The award of the journalist Dmitry Muratov reached a record number for that piece; the amount goes entirely to Ukrainian children
Russian journalist Dmitry Muratov has managed to raise almost a hundred million euros with the auction of the medal that accredits him as the Nobel Peace Prize in 2021. The medal was sold in New York on Monday and brought the record amount of 103.5 million dollars. at (98.3 million euros), which will go entirely to UNICEF to help Ukrainian children.
The bidding, led by auction house Heritage, lasted 20 minutes, with the price of the medal rising from $787,000 to $15 million, when suddenly an anonymous buyer reported by telephone that he was paying $103.5 million dollars, causing the sale. ended.
While other medals won by Nobel laureates have been sold or auctioned in the past, none have ever reached a tenth of that amount, and in fact the most expensive medal had sold in 2014 for $4.76 million.
The Heritage House waives the usual auction rates, so the full amount will go to Unicef.

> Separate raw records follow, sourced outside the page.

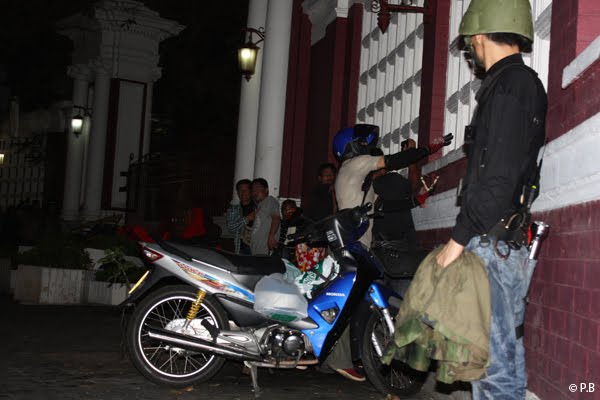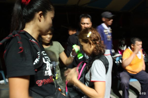 À la sortie, l’équipe de la sécurité, composée d’hommes et de nombreuses femmes, s’est renforcée. Maintenant, toute personne pénétrant dans le site est systématiquement fouillée. À l’extérieur, les taxis et les moto-taxis ne chôment pas. Une file d’attente s’est formée pour quitter les lieux. Tout semble indiquer que la soirée est finie, et qu’un retour à la maison s’impose. Pourtant, à deux minutes de là, près de deux cents manifestants, enflammés, se mettent à lancer des pavés sur des soldats qui se trouvent derrière les grilles du parc Lumpini, sous le regard d’un militaire impassible, dépassé, et bientôt chassé. Une pierre, deux pierres, puis tout s’accélère : elles fusent ensuite de toutes parts. La tension monte. Des balles en caoutchouc sifflent en direction des protestataires. L’un d’eux est touché. On s’occupe de lui dans les secondes qui suivent. Il n’a qu’un hématome à l’épaule, qu’il exhibe aux caméras et aux photographes.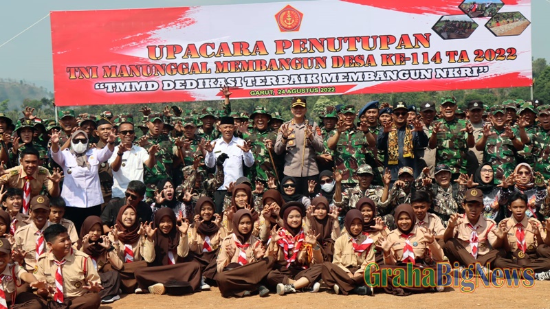 Garut – Kapolres Garut AKBP Wirdhanto Hadicaksono menghadiri acara penutupan TNI Manunggal Membangun Desa (TMMD) Kodim 0611/Garut Tahun 2022 yang bertempat di Lapangan Kampung Majah Beureum, Desa Ciwangi, Kecamatan Blubur Limbangan, Kabupaten Garut, Rabu (24/8/2022).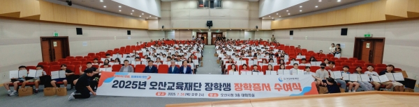[금요저널] 오산교육재단은 지역 학생들의 꿈과 도전을 응원하기 위해 ‘2025년 장학증서 수여식’을 열고 특기·대학교 진학·행복기숙사 입사 장학생 279명에게 장학증서를 전달했다.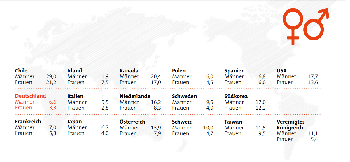 Die Daten der repräsentativen Bevölkerungsbefragung zeigen, dass 2018 in Deutschland lediglich 3,3 Prozent der Frauen während der letzten 3,5 Jahre ein Unternehmen gegründet haben und/oder sich in der Vorgründungsphase befinden. Im Vergleich dazu lag diese Quote unter den Männern bei 6,6 Prozent. Grundsätzlich wird in Deutschland, im Verhältnis zu anderen Ländern mit hohem Einkommen, wenig gegründet, wie die Daten des Global Entrepreneurship Monitors (GEM) zeigen. Das lässt sich unter anderem auf die insgesamt geringere Gründungsneigung in Deutschland zurückführen.

Muratov, founder and director of the last Russian dissident newspaper, ‘Novaya Gazeta’, founded in 1993 and now closed, was one of the Nobel Peace Prize winners in 2021. He and Philippine journalist Maria Ressa were awarded for “his valiant fight for freedom of expression and its efforts to defend freedom of expression, an essential condition for democracy and peace.”
The journalist, who was invited to the auction, recalled that 40% of the 16 million Ukrainian refugees are children, or that two-thirds of Ukrainian children have had to leave their homes, something he says had never happened in a conflict in such a short time.
The winner of the Nobel Peace Prize gave the example of a Ukrainian boy who was in Russia asking him for money “to charge the phone that allowed him to call his mother in Ukraine”, and he asked the public to introduce himself. a moment in place.
Muratov has distinguished himself in Russia for years as a tireless fighter for freedom of expression. The newspaper he heads has published articles on topics ranging from “corruption, police brutality and illegal arrests to the use of Russian troops outside the country”. In the nearly 30 years of the newspaper’s existence, “six of its journalists were murdered, including Anna Politkóvskaya”, whose death is 15 years ago.
Despite numerous threats, Muratov steadfastly defended the right of journalists to cover critical issues. “It even makes me laugh. I didn’t expect it at all. I saw a phone call from Norway, but I thought it was a mistake,” Muratov said when receiving the Swedish medal.
In his words: “I can only say that it is up to us to bear the weight of the prize, but it is really up to Russian journalism as a whole, which they are now trying to suppress. We will try to help the informants who being labeled as foreign agents and rotting away and those being expelled from the country.” In the Kremlin, however, they applauded that the Nobel Peace Prize went to the director of ‘Nóvaya Gazeta’.
Muratov is the third Russian to receive the Nobel Peace Prize. Before him, it was imposed on academic Andrei Sakharov and former Soviet president Mikhail Gorbachev.